Павел Крутицкий согласно кивнул головою. Эти речи ему любы. Над Никоном сгустились тучи, и теперь не разгрести их руками; никакие ловыги и плуты, разосланные по греческим землям, не помогут добровольному затворнику.

– Так и не противься. А возлюбив государя, милой Аввакум, прими древний греческий обычай, от которого мы сплутали, за истинное правило. Государь три перста послушно на себя положил, не усомнившись в истине, так и ты прими их. Коли воистину любишь государя-отца, а не словесно, Не будь бодучее быка и упрямее онагра... Я слышу, тебе и греки не указ? И мы, твои отцы, блудодеи, а восточные патриархи – новые еретики. Милой Аввакум, когда православное солнце не видимо бысть средь ясного неба, так чем хулить его и спотыкаться на всякой кочке, лучше промой слепнущие вежды святой водою, и отвратит от тебя всех кромешников. Ну, не упрямься же... Разве царь наш глупее тех заблудших, кто в темноте своей неучености потеряли фонарь Софии Премудрой и соступили с истинной веры, исказили догматы?..

– Я царя не похулю. Он меня в духовники звал, когда ты еще блинами торговал. Поди, говорит, ко мне в отцы. Да я не пошел. К тому времени он уже сблудил, с Никоном собакою слюбился, яко Пилат да Ирод... Думаешь, Павел, и я пирогов тех мягких не хотел? Да Христа жаль стало потерять.

Голос Аввакума дрогнул. Протопоп прищурил взгляд, чтобы не выдать мгновенной слабости; эх, нынче глаза на мокром месте. Илларион Рязанский сидел в переднем углу в креслице, широко разоставя ноги, и, просунув меж колен ключку, мерно постукивал ею об пол. В увещевания он не вмешивался, думал о своем...

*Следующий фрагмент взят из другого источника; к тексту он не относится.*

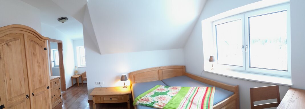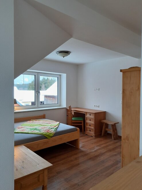 Dvoulůžkový pokoj (cca 23 m²) se nachází přímo nad mini bytem ve 2. patře a disponuje postelí o velikosti 160 x 200 cm, skříní, šatníkem, psacím stolem, komodou s varnou konvicí, mikrovlnnou troubou, topinkovačem a některými kuchyňskými pomůckami a samostatnou koupelnou s WC a sprchou. Dále je před koupelnou malý kout pro čtení se křeslem.

– Вот видишь, дружок, какой ты неискренний, – украдчиво внушал митрополит и, подойдя к Аввакуму, решительно надавил ему на плечи, усадил на коник у порога. – Не подпирай притолку. Садись, милой, в ногах правды нет... Говоришь, царя любишь, а догматы Отцев вселенских казишь. Значит, и на государя охулку кладешь, в неискренности его упрекаешь?

– Нет-нет...

– Упрям ты и в сем признаться не хочешь. И тем лишь усугубляешь свои вины. Я уже седьмой день с тобой ратюсь, увещеваю: протопоп, не перечь, уймися, войди в толк! И царь про то просит, а ты? Хоть бы царя ради, коли любишь... Бьешься без пути, как карась на жаровне. Будто припекают. Иль славно тебе?.. Забило очи темной водою, вот и тычешься по углам, от друзей бежишь. Протяни руку-то, не сердитуй, схватися за плечо братнее, обопрись на него. Осенися, милой, троеперстным крестом, как батьки твои, покайся, дружок, и сразу пелена с глаз. И жизнь-то другая настанет. С праздника на праздник. Только не перечь...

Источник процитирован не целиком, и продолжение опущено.